Department of Biology, Tokyo Gakugei University, Koganei-shi, Tokyo, Japan.
Plant Signal Behav. 2012 Jan;7(1):38-42. doi: 10.4161/psb.7.1.18573.
The synthesis of DNA, RNA, and de novo proteins is fundamental for early development of the seedling after germination, but such processes release pyrophosphate (PPi) as a byproduct of ATP hydrolysis. The over-accumulation of the inhibitory metabolite PPi in the cytosol hinders these biosynthetic reactions. All living organisms possess ubiquitous enzymes collectively called inorganic pyrophosphatases (PPases), which catalyze the hydrolysis of PPi into two orthophosphate (Pi) molecules. Defects in PPase activity cause severe developmental defects and/or growth arrest in several organisms. In higher plants, a proton-translocating vacuolar PPase (H+-PPase) uses the energy of PPi hydrolysis to acidify the vacuole. However, the biological implications of PPi hydrolysis are vague due to the widespread belief that the major role of H+-PPase in plants is vacuolar acidification. We have shown that the Arabidopsis fugu5 mutant phenotype, caused by a defect in H+-PPase activity, is rescued by complementation with the yeast cytosolic PPase IPP1. In addition, our analyses have revealed that increased cytosolic PPi levels impair postgerminative development in fugu5 by inhibiting gluconeogenesis. This led us to the conclusion that the role of H+-PPase as a proton-pump is negligible. Here, we present further evidence of the growth-boosting effects of removing PPi in later stages of plant vegetative development, and briefly discuss the biological role of PPases and their potential applications in different disciplines and in various organisms.
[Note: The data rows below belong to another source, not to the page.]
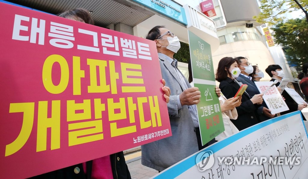 | ▲ '태릉 그린벨트 아파트 개발 반대' 지난해 10월 8일 서울환경운동연합과 초록태릉을지키는시민들이 진행한 기자회견. [연합뉴스 자료사진] |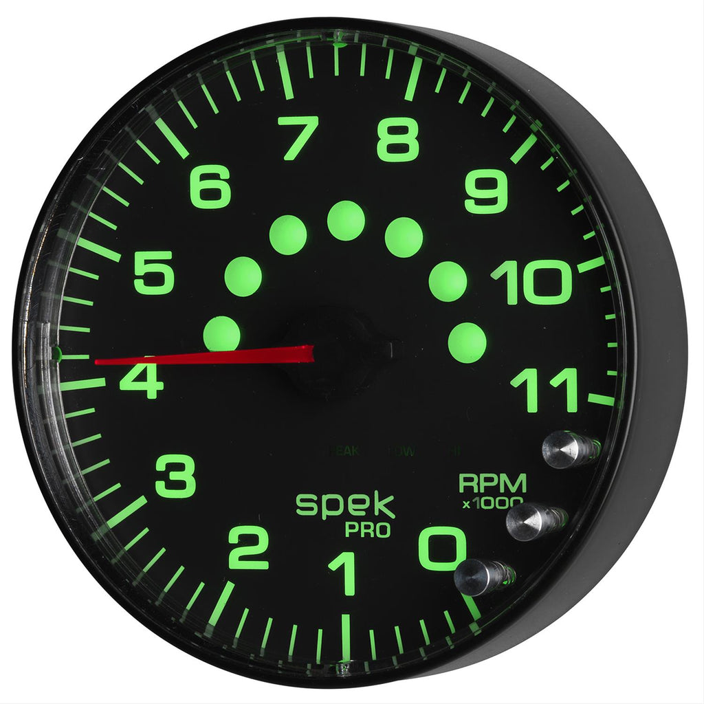 AutoMeter Spek-Pro tachometers deliver racing performance. These NASCAR-accepted and NHRA-approved gauges offer innovative features to provide you with accurate rpm. They're electric, microprocessor-based, and employ a stepper motor for precise needle reads. Hand-built and tested in the USA, Spek-Pro tachometers are easy to read with their wide-angle design and patented illumination. Choose a lens, face, and bezel to customize your race car instrumentation. AutoMeter tachs are available in 2 1/16 in. and 5 in. sizes. The 5 in. models include built-in Heads UP redline shift lights and pit-row software. These gauges are compatible with a wide range of engine types. Equip your race car with the pros' choice—an AutoMeter Spek-Pro tachometer.Brand: AutoMeter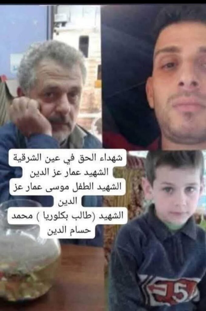 مجموعة مسلحة تابعة للميليشيات الجولاني الداعشية الإرهابية قامت باغتيال عائلة علوية كاملة أثناء عملها في أرضها المزروعة بالزيتون في بلدة عين الشرقية مقابل اللواء 107.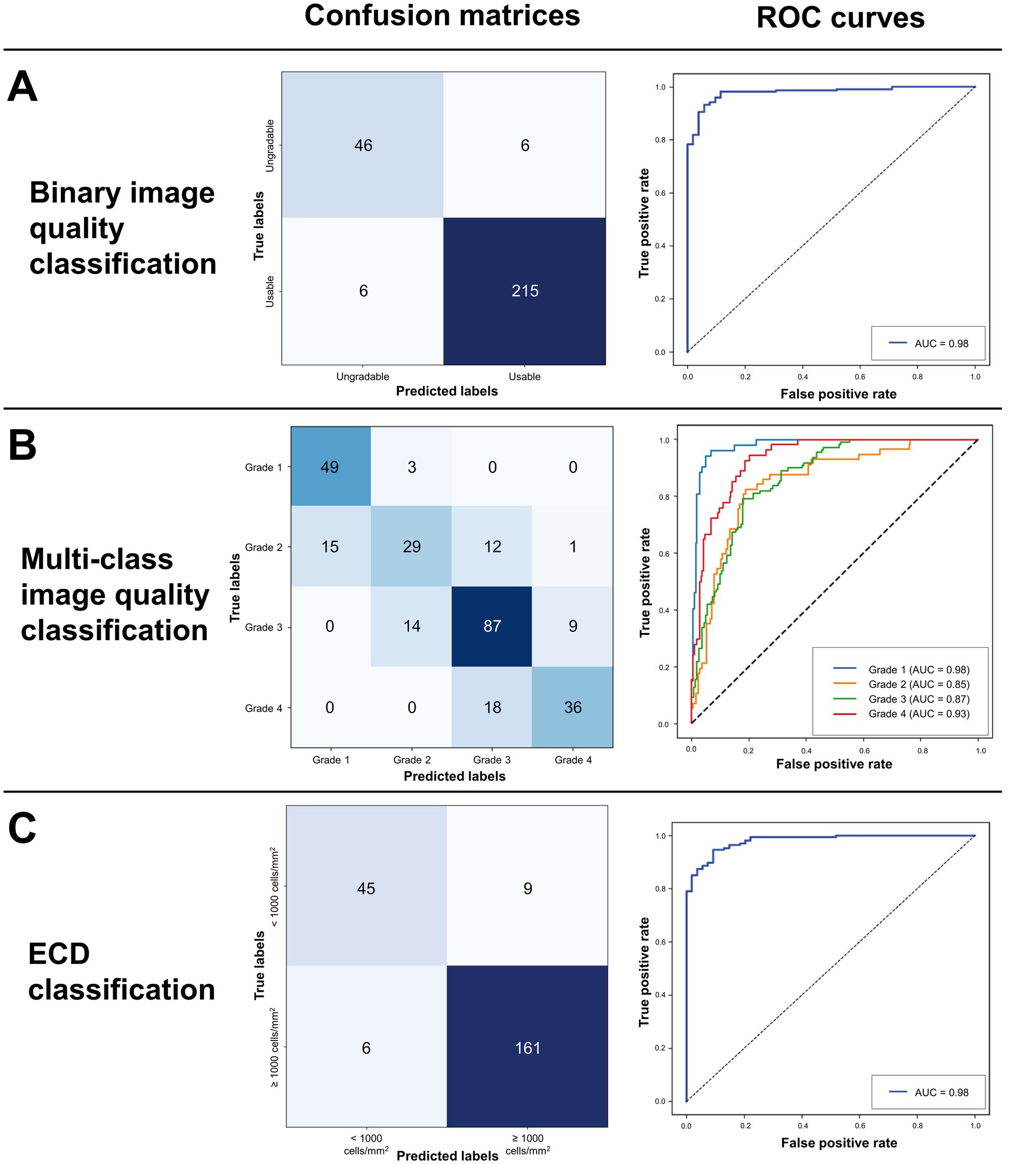 Figure 4. Confusion matrices and receiver operating characteristic (ROC) curves assessing the three tasks of the deep learning model for (A) binary image quality classification, (B) multi-class image quality classification and (C) ECD classification. Average AUCs for the tasks are 0.979, 0.907 and 0.980 respectively.
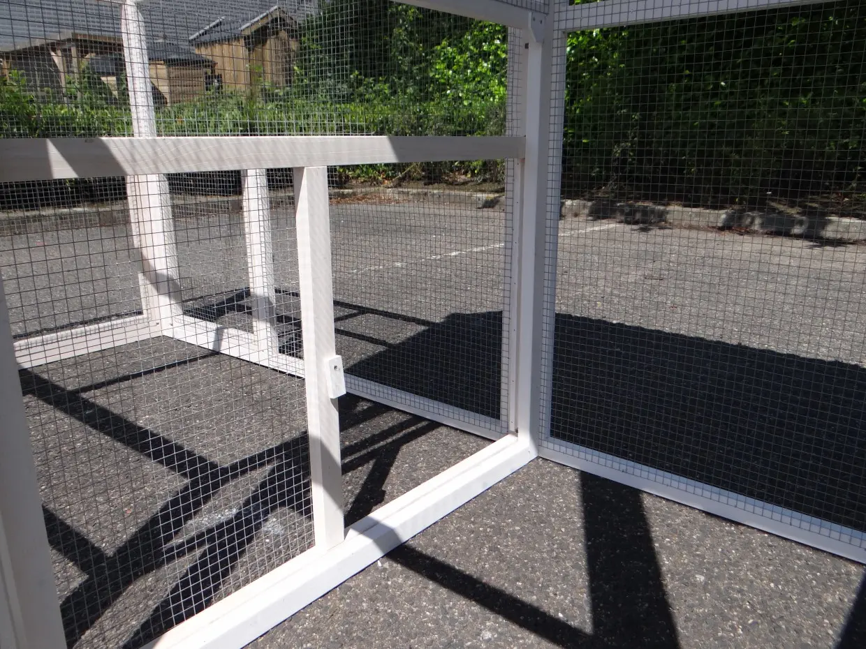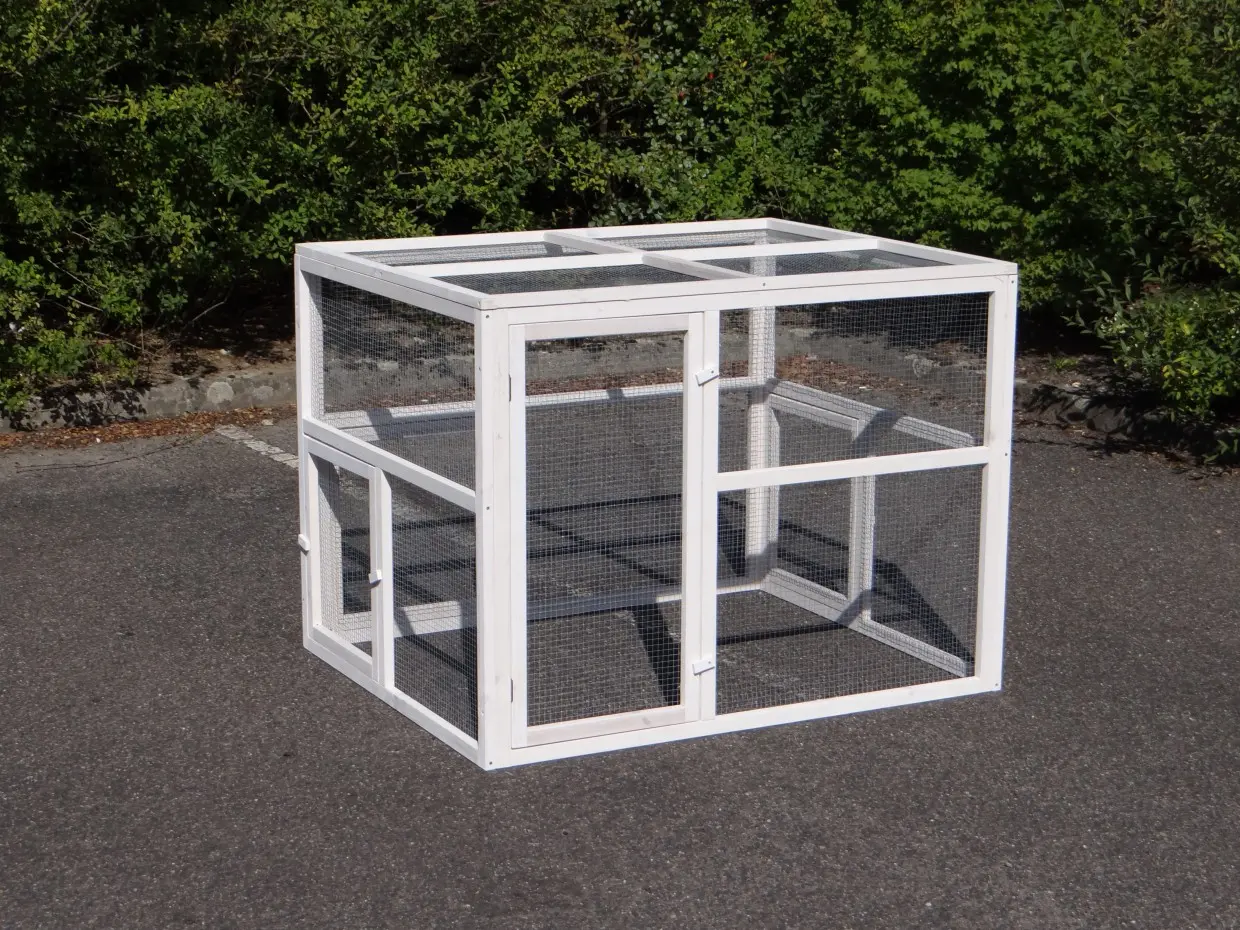 - Le toit d'enclos est équipé de maille (ca. 12x12mm)

DNA、RNA 和从头合成蛋白质的合成是种子萌发后幼苗早期发育的基础,但这些过程会释放焦磷酸(PPi)作为 ATP 水解的副产物。胞质溶胶中抑制代谢物 PPi 的过度积累阻碍了这些生物合成反应。所有生物都拥有普遍存在的酶,统称为无机焦磷酸酶(PPases),它们催化 PPi 水解成两个正磷酸盐(Pi)分子。PPase 活性的缺陷会导致几种生物的严重发育缺陷和/或生长停滞。在高等植物中,质子转运液泡 PPase(H+-PPase)利用 PPi 水解的能量使液泡酸化。然而,由于普遍认为 H+-PPase 在植物中的主要作用是液泡酸化,因此 PPi 水解的生物学意义尚不清楚。我们已经表明,由于 H+-PPase 活性缺陷导致的拟南芥 fugu5 突变体表型可以通过与酵母胞质 PPase IPP1 互补来挽救。此外,我们的分析还揭示了增加的胞质 PPi 水平通过抑制糖异生来损害 fugu5 的萌发后发育。这使我们得出结论,H+-PPase 作为质子泵的作用可以忽略不计。在这里,我们进一步提供了在植物营养生长后期去除 PPi 可促进生长的证据,并简要讨论了 PPases 的生物学作用及其在不同学科和各种生物中的潜在应用。